**Action item**
Any pictures in the records below must be left out when you repeat the lines from the line containing "暗金色短款羽绒服,色彩低调华" through the line containing "Díky jednostrannému mikroozubení" exactly.

**Supplied records**
——————
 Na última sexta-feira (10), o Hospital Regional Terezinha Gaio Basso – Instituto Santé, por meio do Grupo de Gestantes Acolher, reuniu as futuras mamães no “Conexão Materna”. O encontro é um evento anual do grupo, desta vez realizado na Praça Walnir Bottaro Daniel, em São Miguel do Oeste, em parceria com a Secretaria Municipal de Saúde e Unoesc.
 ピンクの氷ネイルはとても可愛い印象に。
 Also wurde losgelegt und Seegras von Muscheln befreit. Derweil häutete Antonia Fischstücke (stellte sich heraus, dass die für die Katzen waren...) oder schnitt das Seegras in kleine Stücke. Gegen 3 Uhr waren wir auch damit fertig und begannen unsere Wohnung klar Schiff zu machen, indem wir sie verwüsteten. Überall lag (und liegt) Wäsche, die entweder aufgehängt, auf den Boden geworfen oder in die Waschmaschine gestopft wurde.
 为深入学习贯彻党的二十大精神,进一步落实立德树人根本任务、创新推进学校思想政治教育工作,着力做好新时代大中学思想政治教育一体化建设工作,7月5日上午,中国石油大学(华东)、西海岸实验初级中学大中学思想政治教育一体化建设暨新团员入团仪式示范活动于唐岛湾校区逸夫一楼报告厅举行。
——————
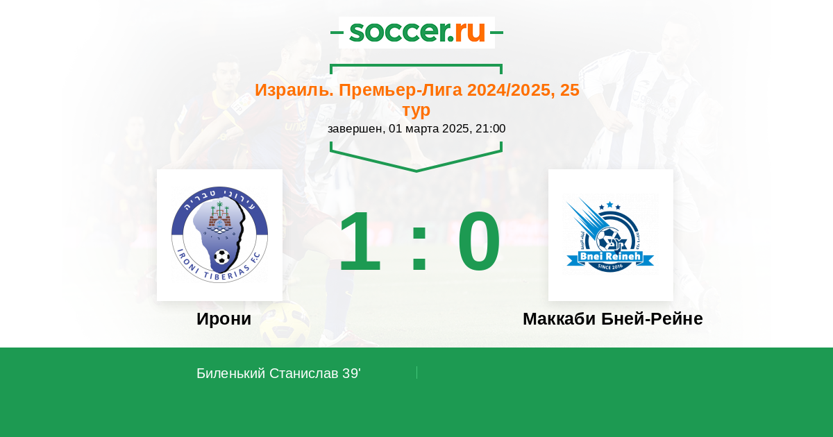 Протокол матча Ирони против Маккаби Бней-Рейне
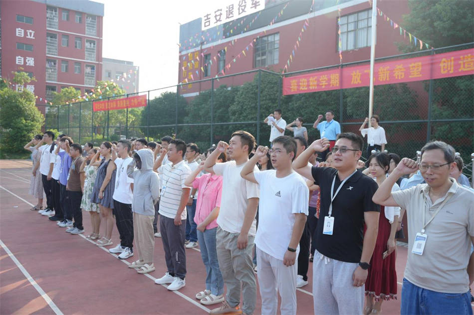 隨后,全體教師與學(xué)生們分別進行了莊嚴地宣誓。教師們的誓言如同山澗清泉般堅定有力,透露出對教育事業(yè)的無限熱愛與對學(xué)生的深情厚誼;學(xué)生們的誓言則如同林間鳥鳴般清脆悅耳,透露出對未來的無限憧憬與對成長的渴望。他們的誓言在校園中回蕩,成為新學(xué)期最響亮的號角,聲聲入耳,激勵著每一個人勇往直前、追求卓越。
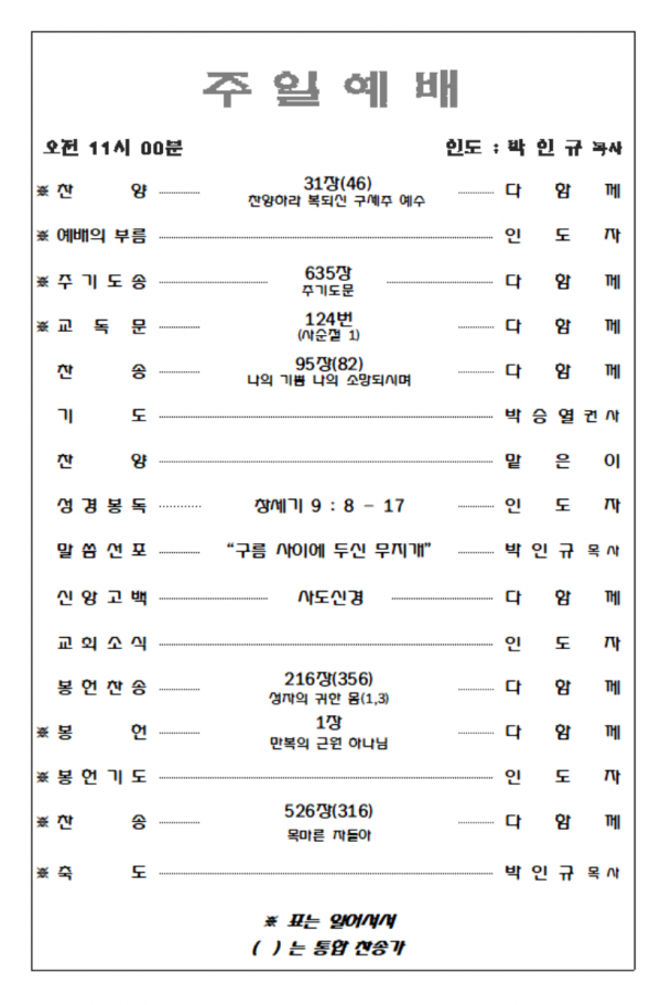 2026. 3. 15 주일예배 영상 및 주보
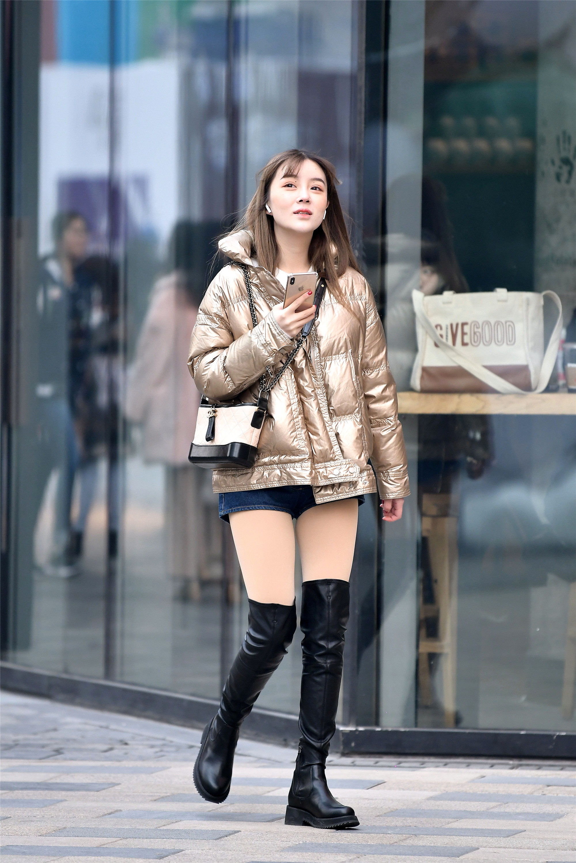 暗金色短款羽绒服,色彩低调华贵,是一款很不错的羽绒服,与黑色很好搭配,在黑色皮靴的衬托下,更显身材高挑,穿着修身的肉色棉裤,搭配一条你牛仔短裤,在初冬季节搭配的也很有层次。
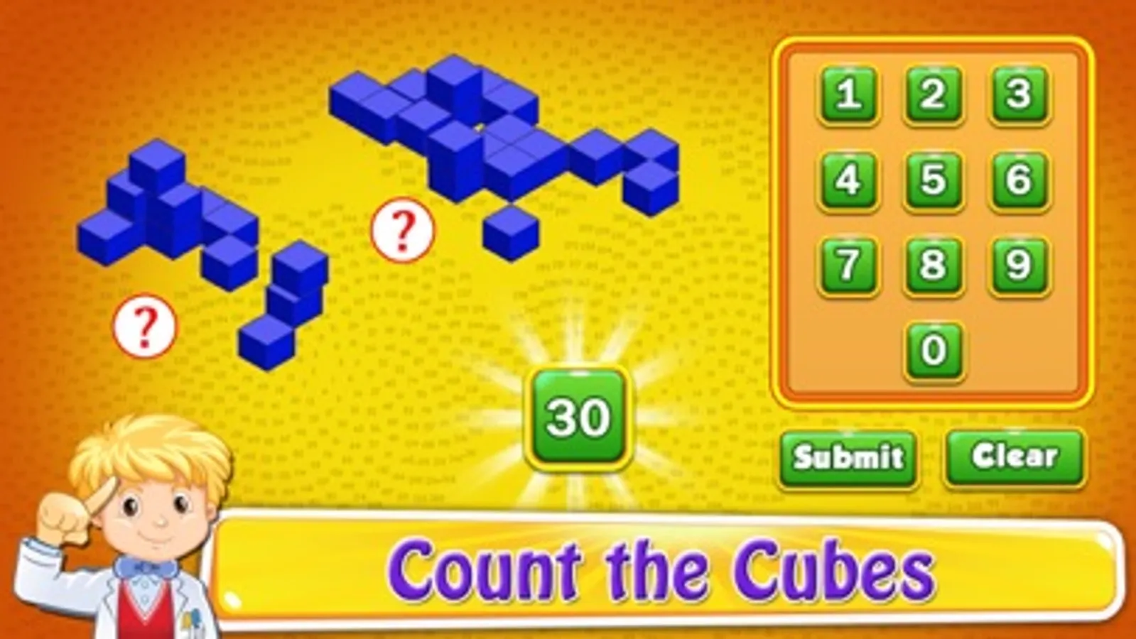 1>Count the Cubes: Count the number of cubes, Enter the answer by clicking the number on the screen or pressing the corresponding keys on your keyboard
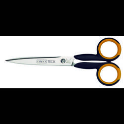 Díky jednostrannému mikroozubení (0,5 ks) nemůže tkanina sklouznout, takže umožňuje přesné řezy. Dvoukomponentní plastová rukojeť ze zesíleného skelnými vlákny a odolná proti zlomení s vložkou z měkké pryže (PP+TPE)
——————
**Expected answer**
 暗金色短款羽绒服,色彩低调华贵,是一款很不错的羽绒服,与黑色很好搭配,在黑色皮靴的衬托下,更显身材高挑,穿着修身的肉色棉裤,搭配一条你牛仔短裤,在初冬季节搭配的也很有层次。
 1>Count the Cubes: Count the number of cubes, Enter the answer by clicking the number on the screen or pressing the corresponding keys on your keyboard
 Díky jednostrannému mikroozubení (0,5 ks) nemůže tkanina sklouznout, takže umožňuje přesné řezy. Dvoukomponentní plastová rukojeť ze zesíleného skelnými vlákny a odolná proti zlomení s vložkou z měkké pryže (PP+TPE)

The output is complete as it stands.